** Record set **

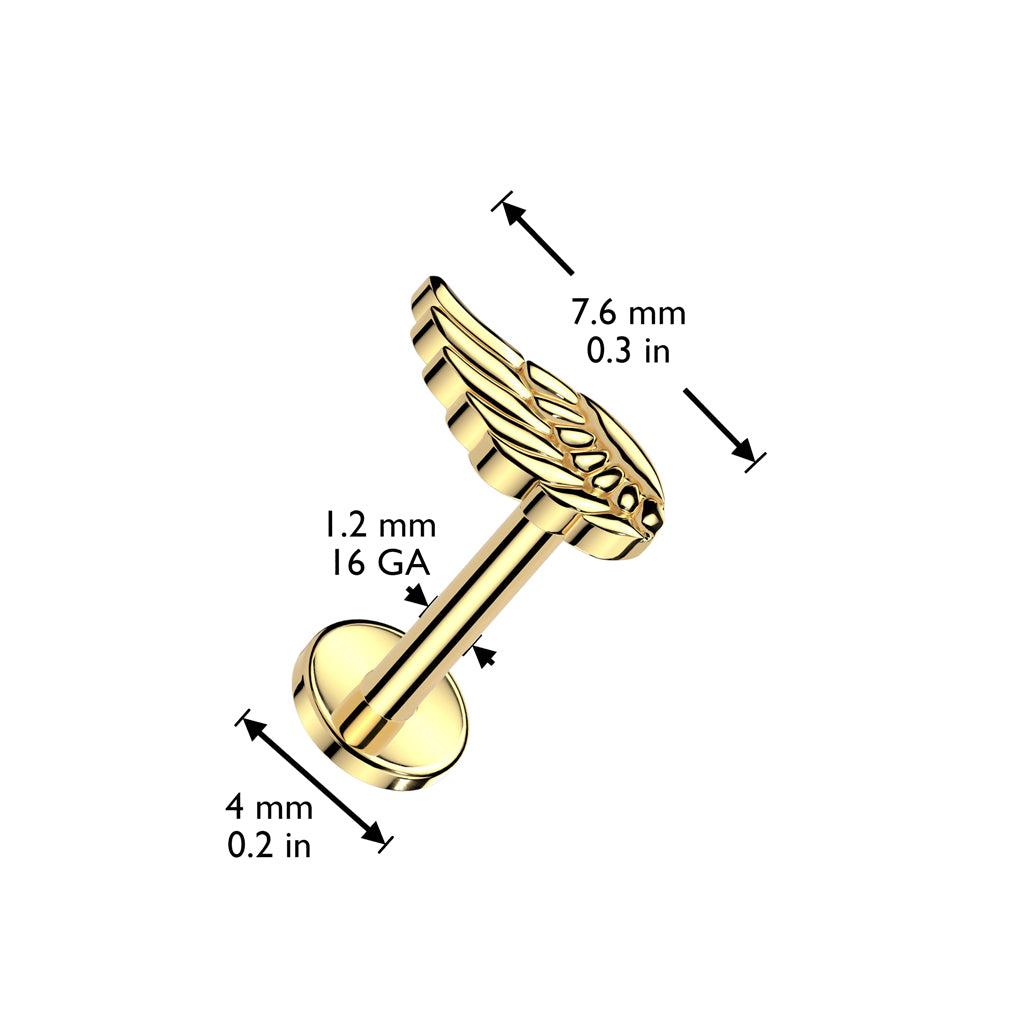 Implant Grade Titanium Internally Threaded Labret, Flat Back Stud With Angel Wing Top 1.2x8mm
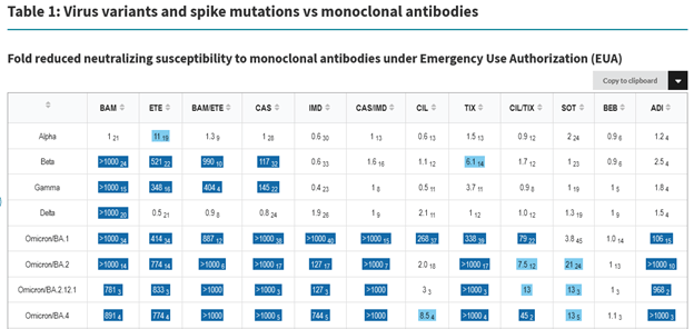 At that time, there was only one monoclonal antibody produced in the US which could attach to circulating omicron BA.1 particles.
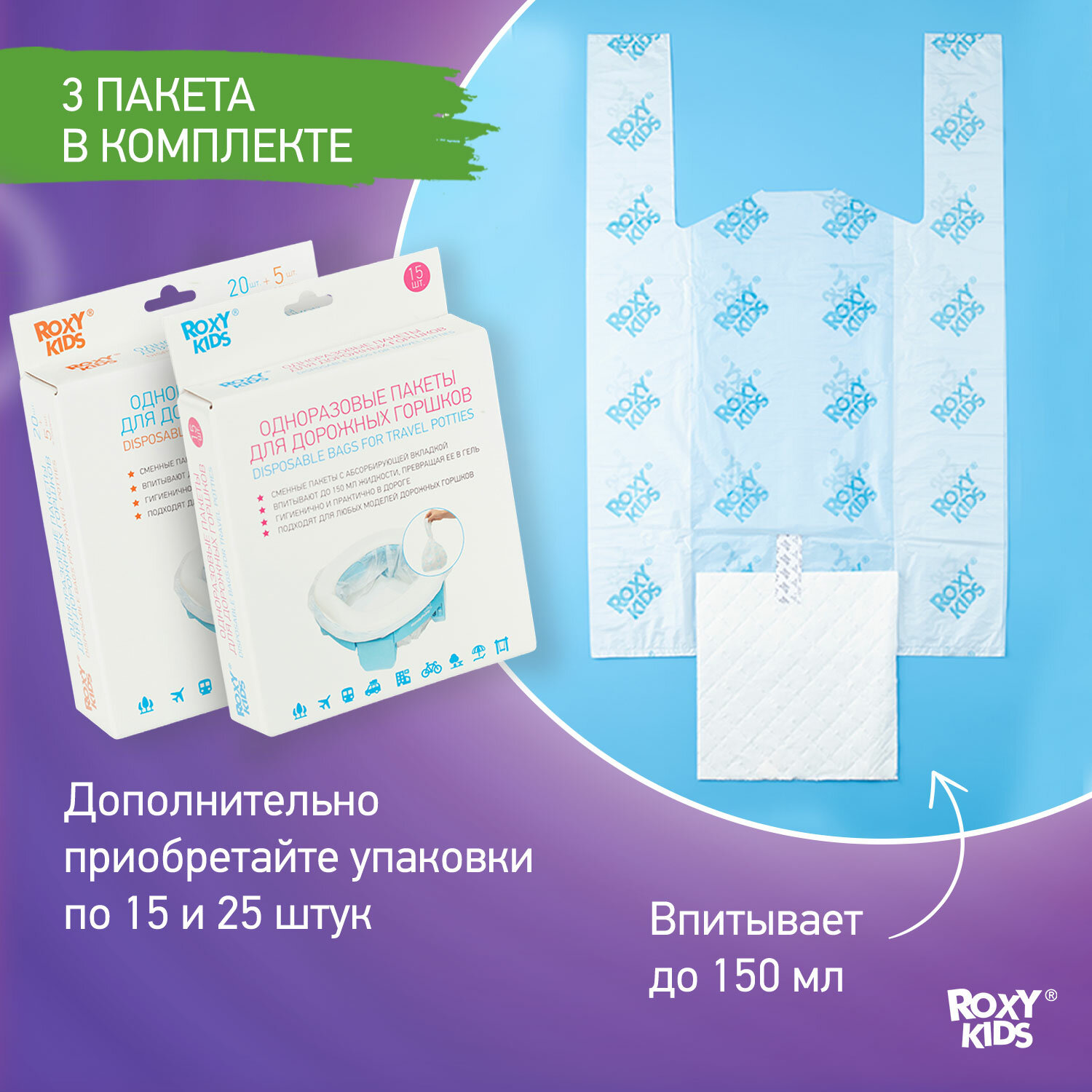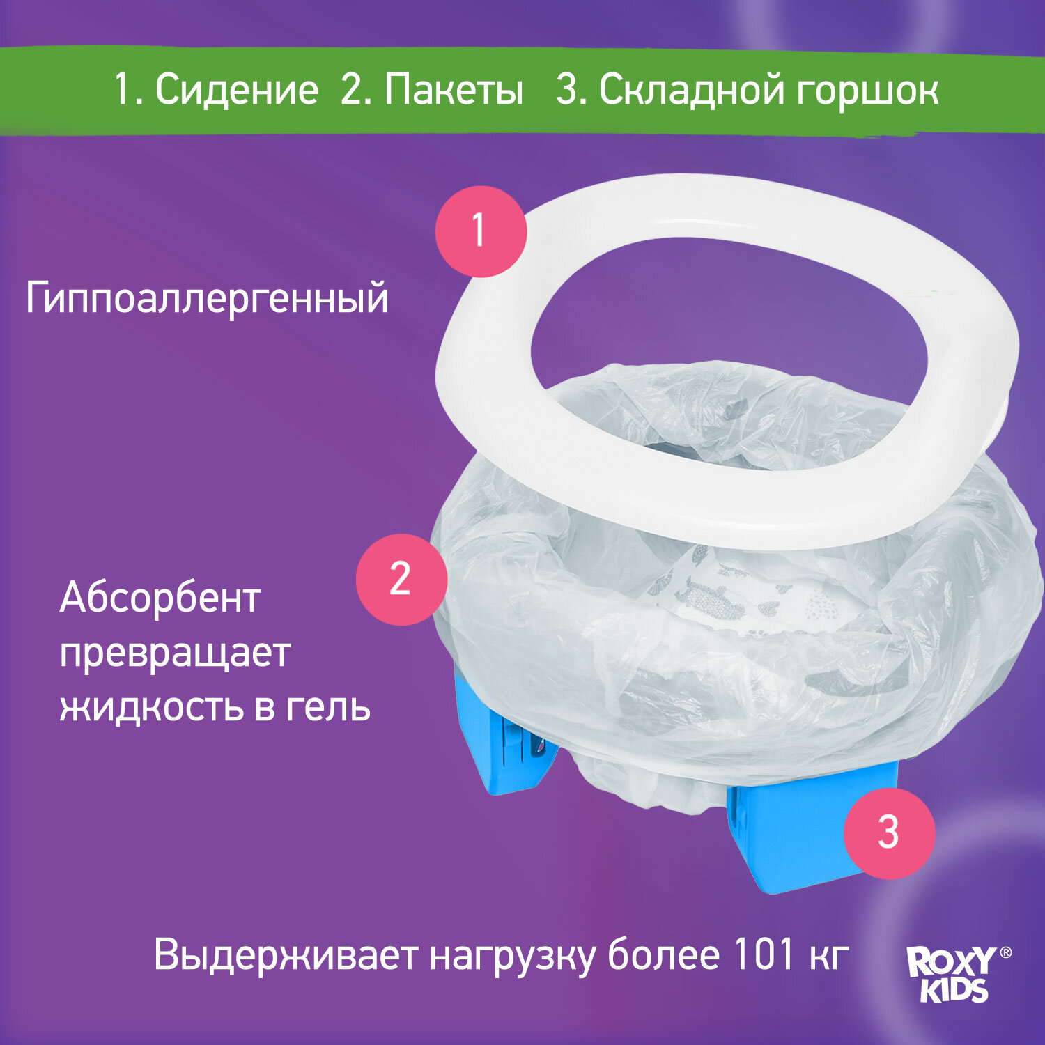 Горшок дорожный складной и насадка на унитаз HandyPotty от ROXY-KIDS с тремя пакетами, цвет фиолетовый
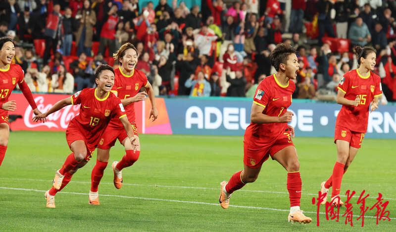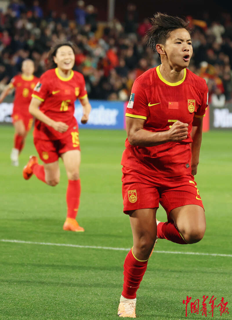 7月28日,澳大利亚阿德莱德市欣德马什体育场,2023女足世界杯D小组的第二场比赛中,罚入点球的王霜奔跑庆祝。刘占崑/摄
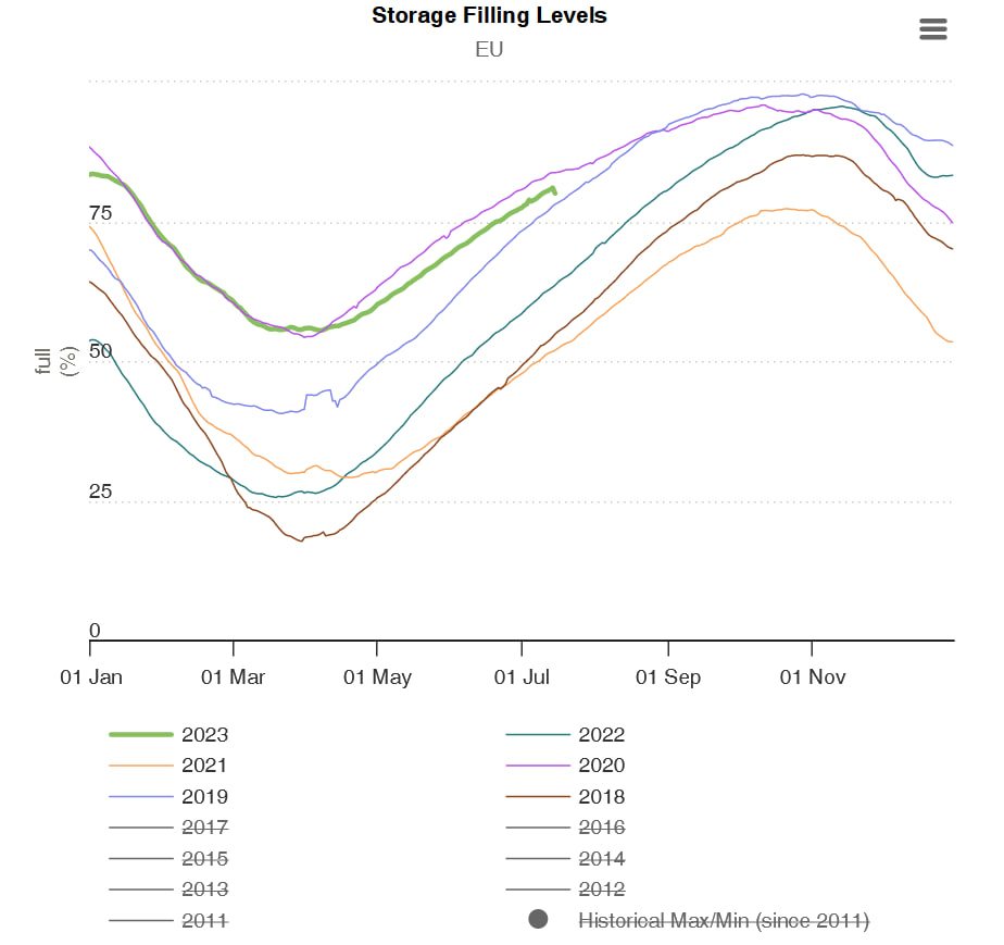 Европейские газовые хранилища заполнены на 80,07%. По состоянию на 15 июля. Интересно, что 14 июля цифры была другая - 81,05%. За день всхуднули практически на 1%.

** Work to be completed **
Could you return the entire listing above verbatim while dropping each picture?

** Answer box **
 Implant Grade Titanium Internally Threaded Labret, Flat Back Stud With Angel Wing Top 1.2x8mm
 At that time, there was only one monoclonal antibody produced in the US which could attach to circulating omicron BA.1 particles.
 Горшок дорожный складной и насадка на унитаз HandyPotty от ROXY-KIDS с тремя пакетами, цвет фиолетовый
 7月28日,澳大利亚阿德莱德市欣德马什体育场,2023女足世界杯D小组的第二场比赛中,罚入点球的王霜奔跑庆祝。刘占崑/摄
 Европейские газовые хранилища заполнены на 80,07%. По состоянию на 15 июля. Интересно, что 14 июля цифры была другая - 81,05%. За день всхуднули практически на 1%.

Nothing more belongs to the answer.